Influence of pore water on the heat mining performance of supercritical CO2 injected for geothermal development

Utilization of supercritical CO2 as heat transmission fluid for geothermal development associated with geological storage can achieve the double wins of economic benefits and environmental protection. The advantages of supercritical CO2 in thermodynamics and injectivity have been recognized widely. The main concerns of this technology are focused on the water production process at the beginning of CO2 injection and the long-term complicated CO2-water-rock interactions in the geothermal reservoirs. These factors may significantly constrain the excellent heat mining performance of supercritical CO2, and lower the application potential of the technology. In this paper, the interactions between rocks and fluids in typical geothermal reservoirs and their effects on the heat mining performance of supercritical CO2 are studied based on an established reservoir simulation model. The development of different CO2 seepage zones in the reservoir, and the relevant rock-fluid interactions in these zones are investigated.

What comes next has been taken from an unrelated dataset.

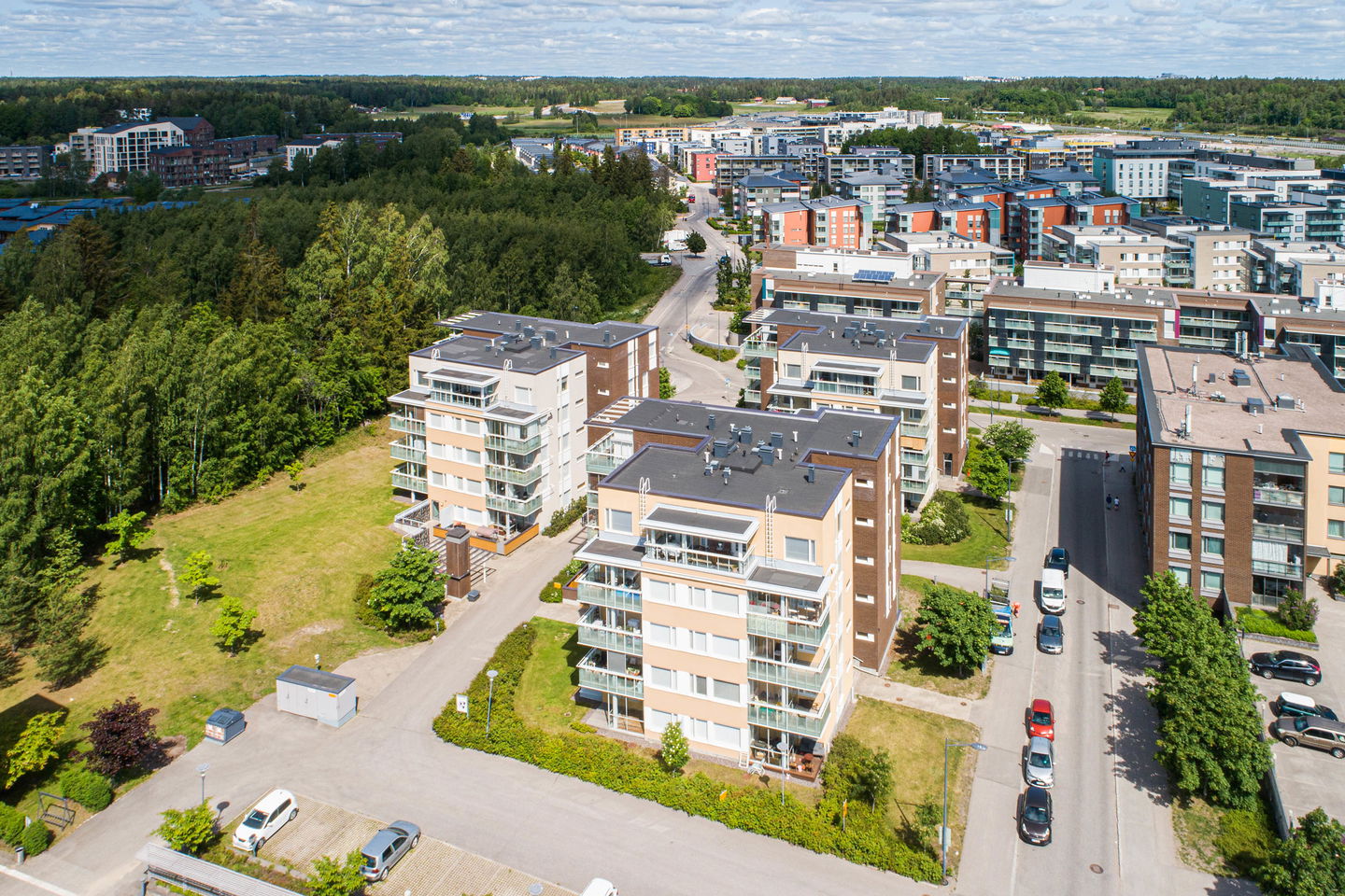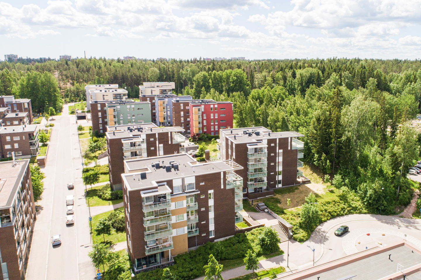 Viihtyisä, kolmen kerrostalon muodostama kohde, jossa on asuntoja yksiöistä kaksioihin ja kolmioihin sekä viiden huoneen asuntoja. Asukkaiden käytössä on A-talossa ilmainen kerhohuone, jossa asukkaat voivat järjestää esimerkiksi perhejuhlia, ja jossa asukastoimiskunta järjestää asukastapahtumia. Kohteessa on maalampö. Talot sijaitsevat heti rauhallisella sijainnilla Keskuspuiston vieressä, joten ulkoilemaan pääsee lähes suoraan kotiovelta ja useista kodeista on metsäiset näkymät.
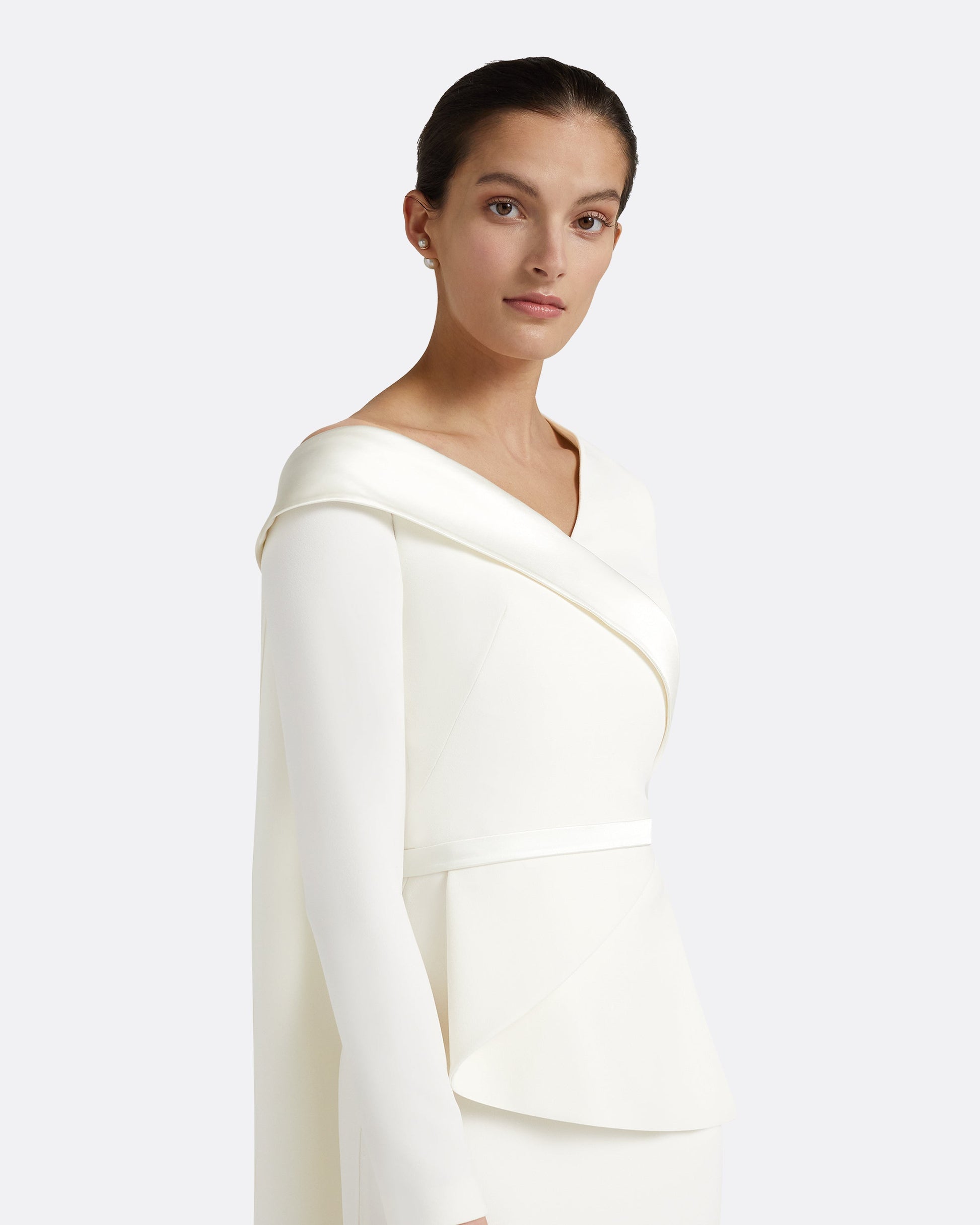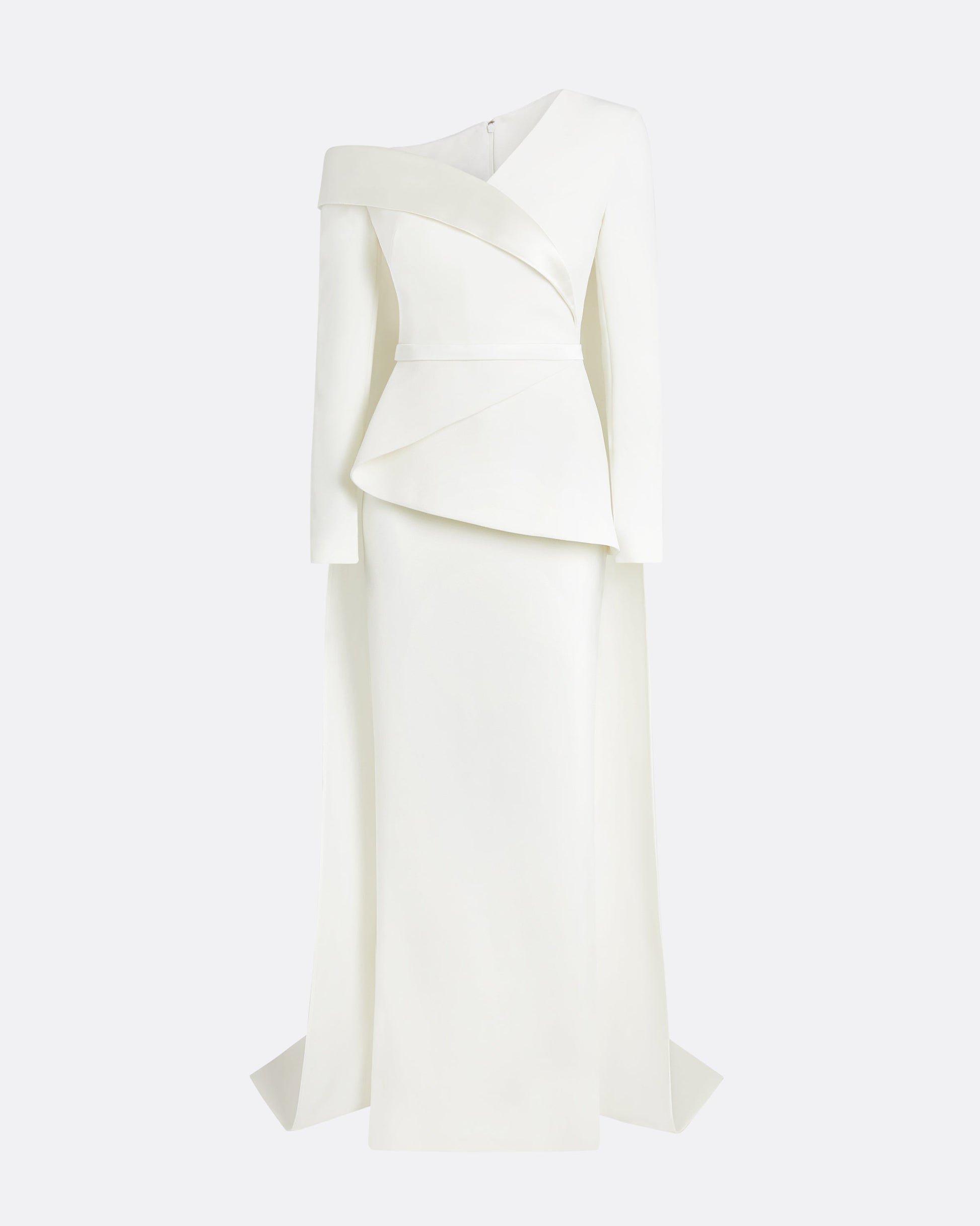 Floor length, caped gown with draped peplum and contrast detail in ivory Heavy Crepe and Silk Duchess.

The negative influence of water production and the change of reservoir properties induced by rock-fluid interactions on the CO2 heat mining performance are also assessed. The simulation results indicate that both of the salt precipitation induced by pore water vaporization, and the geochemical reactions between CO2 and rocks in the geothermal reservoir can damage the reservoir properties, especially serious salting out may occur around the production well and reduce the heat mining rate of CO2 significantly. Overall, the existing pore water can reduce more than 27% of the cumulative mined heat as well as nearly 45% of the heat mining rate after 40 years. Some measures, such as selecting reservoirs without water, and injecting fresh water, can be applied to mitigate the damage of pore water to CO2 heat mining performance.